Strikingly, these results show that gain maximization and loss minimization have different patterns of association with the P3b (Fig. 4). The contrast “worst > best” between the two types of gains was significantly associated with gain maximization (β = 2.34, p < 0.0001) but not with loss minimization (β = −0.56, p = 0.24). The contrast “worst > best” between the two types of losses was significantly associated with loss minimization (β = 3.66, p < 0.0001), but not with gain maximization (β = −0.74, p = 0.38). To further support this finding, we performed a stepwise regression procedure. First, we removed loss minimization as a predictor from our original model to predict the +2 > +8 P3b differences across participants. We found that the performance of this new model (which included only gain maximization and constant) was not statistically different from the performance of the original one (F(1, 38) = 1.45, p > 0.1). However, when we removed gain maximization as a predictor from the original model, the new model (which included only loss minimization and a constant) was significantly outperformed by the original one (F(1, 38) = 27.14, p < 0.00001). Then, we performed the same procedure to evaluate the association between loss minimization and the −8 > −2 P3b. We found the opposite pattern of results. The performance of a model that excluded gain maximization was not statistically different from the performance of the original model (F(1, 38) = 0.79, p > 0.1), but the original model significantly outperformed a model that excluded only loss minimization (F(1, 38) = 21.46, p < 0.00005).
In sum, although gain maximization and loss minimization were correlated at the behavioral level, gain maximization and loss minimization were associated with different contrasts at the neural level. Specifically, gain maximization was associated with the differences in P3b amplitude between the worst (+2) and the best gain (+8) across participants, while loss minimization was associated with the differences in P3b amplitude between the worst (−8) and the best loss (−2).
The results from our original models also suggest a temporal difference between the neural processing associated with these two types of choices, since the neural processing associated with loss minimization was also found in earlier latencies (i.e., P2 and P3a time windows), while the first index of neural processing associated with gain maximization was found much later, in the 416–796 ms postfeedback window (i.e., P3b).
ERP predictors of behavioral adjustment
Given the previously reported associations between the P3 and behavioral adjustment (Chase et al., 2011), we asked whether neural responses in our task predicted changes in behavior on a trial-to-trial basis. Finding such a relationship would strengthen the argument that the P3 activity reflects adjustment processes aimed toward gain maximization and loss minimization.
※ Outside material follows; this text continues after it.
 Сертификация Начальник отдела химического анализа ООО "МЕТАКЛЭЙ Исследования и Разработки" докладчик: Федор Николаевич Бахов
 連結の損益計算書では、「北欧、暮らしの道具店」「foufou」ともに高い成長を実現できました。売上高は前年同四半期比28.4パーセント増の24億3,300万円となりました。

To test this, we designed a linear mixed model (see Materials and Methods) using different levels of outcome (−8, −2, +2, +8) and adjustment level (0, not switching; 1, switching for one symbol; 2, switching for both symbols) as predictors of neural responses corresponding to the P2, FRN, P3a, and P3b components.
We found that the P2 elicited by the −8 feedback stimuli was statistically indistinguishable from the P2 elicited by the outcome stimuli coded in the constant condition (i.e., +8). On the other hand, the P2 for −2 and +2 was smaller than the constant P2 (Fig. 3; for statistics, see Table 2). This result is consistent with a previous study by Goyer et al. (2008), who found that, compared to small-magnitude outcomes, large-magnitude monetary outcomes elicited a greater positive potential in pre-FRN latencies (starting at ∼150 ms in their case). The FRN was larger (i.e., more negative) for −8, −2, and +2, compared to the best possible outcome (+8), which is consistent with previous studies showing that the FRN responds to feedback along a general good–bad dimension (for review, see San Martín, 2012). P3a and P3b amplitudes showed similar modulations as a function of outcome, with larger responses to −8 and smaller responses to −2 compared to +8, although the P3a was also smaller for +2 compared with +8. Overall, these P3 results are consistent with previous studies showing that the P3 is greater both for large- versus small-magnitude outcomes, and for suboptimal versus optimal outcomes (Yeung and Sanfey, 2004; Chase et al., 2011).
Most importantly, both the P3a and P3b amplitudes scaled with adjustment level (Fig. 5). However, only the relationship between P3a and the largest adjustment (2, switching for both symbols) survived our rather conservative approach to multiple comparisons (Table 2). Importantly, the FRN showed no significant association with behavioral adjustment, not even according to uncorrected p values. In sum, the larger the P3a was on a given trial, the more likely the subjects were to change their choice behavior on the next appearance of the same symbols.
Discussion
When confronted by choices from among competing options, simply avoiding losses and seeking gains may be an insufficient strategy for generating optimal behavior. In other words, to achieve long-term positive outcomes, decision makers must not only be concerned with the relative frequency of gains and losses, but also with the relative magnitude of gains and losses. Previous behavioral studies have found that deficits in gain maximization and loss minimization are associated with negative life outcomes in gambling (Siler, 2010) and depression (Maddox et al., 2012). Here, we contribute to the identification and functional characterization of the neural mechanisms that may underlie such effects by showing that the amplitude of two P3 subcomponents predicted individual differences in gain maximization and loss minimization (P3b) and the subsequent behavioral adjustment (P3a). These findings suggest the P3 may reflect brain activity involved in adjusting choice behavior in support of maximizing gains and minimizing losses.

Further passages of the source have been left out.